Note that the spaces around the ... notation are essentially mandatory; if they're attached to numbers, then the number is interpreted as a floating point number. For example, 0...9 would be tokenized as 0., ., .9, and floating point numbers aren't allowed as array subscripts.
With the named constants, ...ROW-1 would not cause trouble, but it is better to get into the safe habits.
Addenda:
I note in passing that GCC 7.3.0 rejects:
int array[ROW][COLUMN] = { [0 ... ROW-1] = { [0 ... COLUMN-1] = { 1 } } };
where there's an extra set of braces around the scalar initializer 1 (error: braces around scalar initializer [-Werror]). I'm not sure that's correct given that you can normally specify braces around a scalar in int a = { 1 };, which is explicitly allowed by the standard. I'm not certain it's incorrect, either.

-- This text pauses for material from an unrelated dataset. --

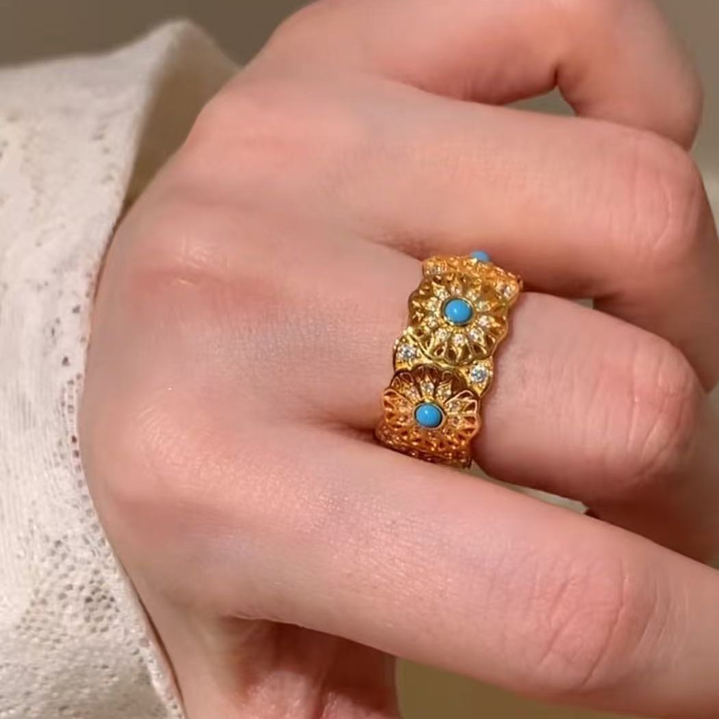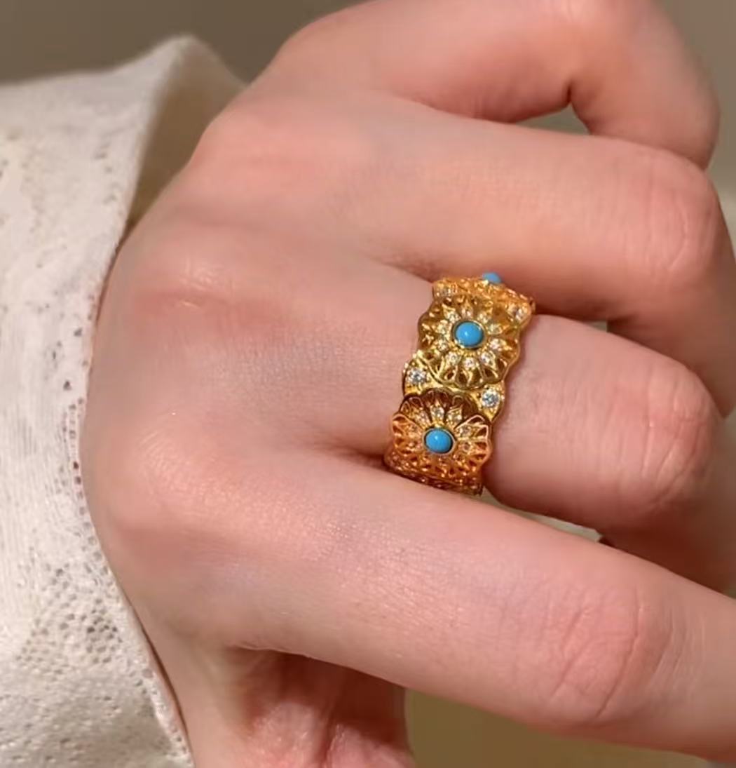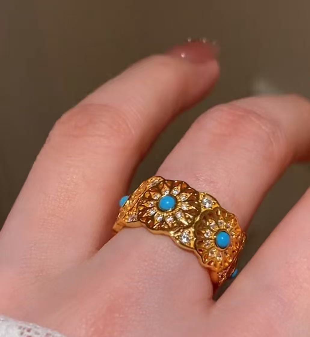 纯银S925中古vintage玫瑰花窗蓝松石戒指时尚轻奢复古高级指环

I also wonder if a better notation would be [0]...[9] — that is unambiguous, cannot be confused with any other valid syntax, and avoids confusion with floating point numbers.
int array[ROW][COLUMN] = { [0]...[4] = { [0]...[9] = 1 } };
Maybe the standards committee would consider that?
Use vector array instead:
vector<vector<int>> array(ROW, vector<int>(COLUMN, 1));
char grid[row][col];
memset(grid, ' ', sizeof(grid));
That's for initializing char array elements to space characters.